Antibody Staining and Flow Cytometry
To prepare single-cell suspensions from mLN and spleens, organs were passed through 70-μm nylon mesh. After centrifugation, splenocytes were treated with ammonium chloride solution (Stemcell Technologies, Vancouver, BC, Canada) for 5 minutes and washed with PBS. Surface Ab staining was performed at 4°C in PBS/2% FCS with or without 0.1% sodium azide (FACS buffer) with CD4 Ab. For intracellular cytokine staining, 0.5 × 106 cells were resuspended in culture medium (RPMI1640 containing 10% heat inactivated FCS, 100 U/mL penicillin, 100 μg/mL streptomycin, 2 mM L-glutamine, and 5 μM β-mercaptoethanol) and stimulated with 50 ng/mL phorbol myristate acetate (Calbiochem, Mississauga, ON) and 1 μg/mL ionomycin (Sigma Aldrich) for 4 hours, with the addition of 10 μg/mL brefeldin A (Sigma Aldrich) after 1 hour. Cells were subsequently fixed with 4% formaldehyde in FACS buffer (fixation buffer) for 10 minutes and incubated with fluorescently labeled interferon-γ, tumor necrosis factor-α, and interleukin (IL)-17 Abs (BD Biosciences) in FACS buffer containing 1% saponin (permeabilization buffer). Unbound Abs were washed away using the permeabilization buffer and cells were resuspended in FACS buffer. Ki-67 staining was performed using Fix/Perm solution (eBioscience, San Diego, CA) according to the manufacturer's instructions.

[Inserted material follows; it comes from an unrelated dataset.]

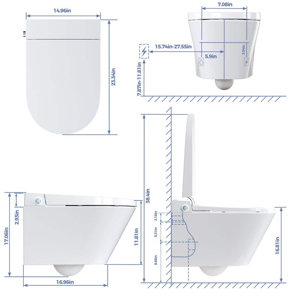 Elevate your bathroom with the HOROW Wall Hung Elongated Smart Toilet Bidet. This innovative fixture offers a stylish, minimalistic design with hands-free operation, heated seat, and integrated night light. Its concealed tank saves space while the eco-friendly flush system and bidet features promise a superior, sustainable bathroom experience.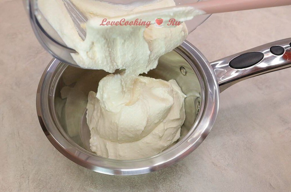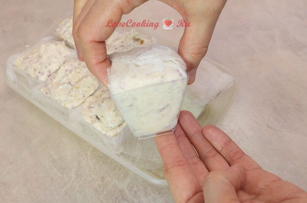 Убираем в холодильник на ночь. Я сливала сыворотку несколько раз. У меня её было немного.

Anti-flagellin Enzyme-linked Immunosorbent Assay (ELISA)
A plasmid expressing His-tagged Fla2 flagellin from Lachnospiraceae bacterium A4 was generously provided by C. Elson (University of Alabama).24 Fla2 was prepared in BL21 (DE3) pLysS and purified by metal affinity chromatography as described.25 Plates were coated with 1 μg/mL Fla2 in PBS overnight at 4°C, then blocked with 1% BSA in PBS/0.05% Tween-20 for 2 hours at 37°C. Diluted mouse sera in 0.1% BSA in PBS/0.05% Tween-20 were added for 2 hours at room temperature (RT), followed by a horseradish peroxidase (HRP)-conjugated goat anti-mouse IgG (Southern Biotech, Birmingham, AL) for 1 hour at RT. TMB substrate was added and the color reaction was read at 650 nm.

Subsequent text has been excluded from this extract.